Just a quick bit on the Vesa Toskala deal, which is taken apart by Jean Lefebvre here. I’m hard pressed to find any way in which this deal makes any sense from a business perspective.
Curtis McElhinney costs $110,880 for the rest of the season. Vesa Toskala costs $829,800. McElhinney is to be paid $570,000 for next season. If the Flames decided to do the most expensive thing possible with him - bury him in the minors - their total cost would be $680,800. If they bought him out, the total price drops to $490,800, with a cap hit of $190,000 or so in 2010-11 and 2011-12.
So basically, Calgary spent at least $150,000 to install Vesa Toskala rather than McElhinney behind Mikka Kiprusoff. The consensus amongst Flames followers seems to be that Toskala will play two games from here to the end of the season, both as part of back-to-backs.
You can actually reason through this and conclude that the upgrade isn’t worth it. The Flames allow an average of 29 shots per night. If Toskala’s a .900 goaltender (.897 since the lockout, with horrific results in Toronto during the past few seasons), you’d expect him to allow 5.8 goals in those games. If McElhinney is an .885 goalie (below his career average), you’d expect him to allow 6.7 goals in those games. So call it a one goal difference between the two of them - personally, I don’t think that Toskala, as presently constituted, is any better than McElhinney, but I’ll extend Sutter every benefit of the doubt.

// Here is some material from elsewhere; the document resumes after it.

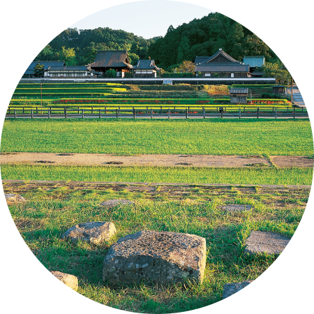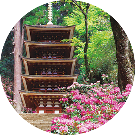 山の辺の道は日本最古の道と言われ、大和青垣の山すそに沿うように風情たっぷりの道が続きます。大神神社は拝殿背後の三輪山をご神体とし、長岳寺はツツジの名所として知られます。石上神宮は飛鳥時代の豪族・物部氏の総氏神とされています。景行・崇神天皇陵の古墳群も見どころのひとつ。西には葛城・二上山を遠望します。

One goal is a third of an expected point. The difference between these players is so vanishingly small that I can’t imagine how it possibly makes $150,000 worth of sense to make this move. I don’t know if Darryl Sutter ever has to account for himself to the Flames’ owners but I’d be interested to hear his explanation for the move. It’s simply bizarreand not even the worst move he made yesterday.